The project titled “Perceptions of School Repetition in the Context of Implementing Decree 67” was selected for this purpose, allowing us to include 17 items in the complementary questionnaires for teachers of 4th grade applied in person together with the SIMCE national test during November 2023.
3.2. Participants
The Education Quality Agency administered the questionnaire to all Chilean head fourth-grade teachers as part of the complementary teachers’ survey conducted alongside the SIMCE 2023 national test. To access the public databases, a formal request must be submitted through the official website of SIMCE (See Data Availability Statement). The total number of surveyed teachers who completed the items on perceptions of grade retention was 4297 observations.
According to the State of Chile’s protocols for handling personal data, all datasets used had a blind personal identifier provided by the Education Quality Agency. The identifier allows blind access to the responses of all teachers, safeguarding the confidentiality of the information used. At the same time, this dataset allows cross-referencing such data with data at the school level existing in Chile.
3.3. Instrument
The survey instrument used was an adaptation of The Grade Retention Survey, originally developed by
Manley (
1988). This instrument was selected primarily because it has been widely used in numerous studies over time since its publication (e.g.,
Feathers, 2020;
Kerr, 2007;
Richardson, 2010) but, to the best of our knowledge, has never undergone a formal validation process.
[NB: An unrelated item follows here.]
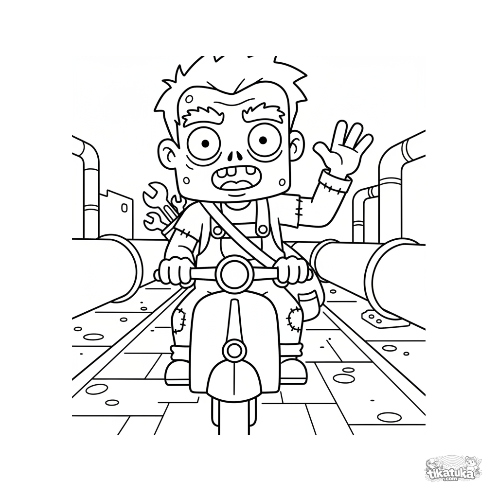 Ausmalbild für Kinder 7-9: Ein fröhlicher Zombie-Mechaniker fährt auf einem Roller durch einen geräumigen Sammelkanal. Dynamische Szene im 90er-Stil.

This survey originally consisted of 35 items on teachers’ perceptions and beliefs about grade retention, measured using a six-option Likert scale ranging from “strongly disagree” to “strongly agree”, with a reliability of 0.72 measured by Cronbach’s Alpha (
Manley, 1988). For the present study, we selected a series of items from the version of this questionnaire applied by
Feathers (
2020), which consisted of 27 items, where some questions were rephrased from the original version of the survey. We include 14 items from the original scale. The selected items were focused on the perceived consequences of grade retention and perceptions regarding who should bear the responsibility for applying this type of sanction.
In addition to the selected 14 items from the original questionnaire, 3 items relevant to the Chilean context were added. These questions specifically addressed whether teachers associate their teaching methods with the number of students who repeat a grade and their perceptions of who is responsible for academic failure. These specific questions are relevant to the Chilean reality, considering that the limited research available for Chile has shown that only a very low percentage of teachers relate failure to how knowledge is delivered by them and the school or with the quality of teaching in the classroom (
Román, 2013;
Meyer, 2022). Likewise, it is important given the meritocratic discourse in Chile, where they are led to believe that their personal effort is the sole explanation for educational success and school failure (
Peña & Toledo, 2017). Additionally, teachers were asked whether the availability of complementary support could determine grade retention, as the new Decree 67 explicitly states that students repeating a grade must receive academic support.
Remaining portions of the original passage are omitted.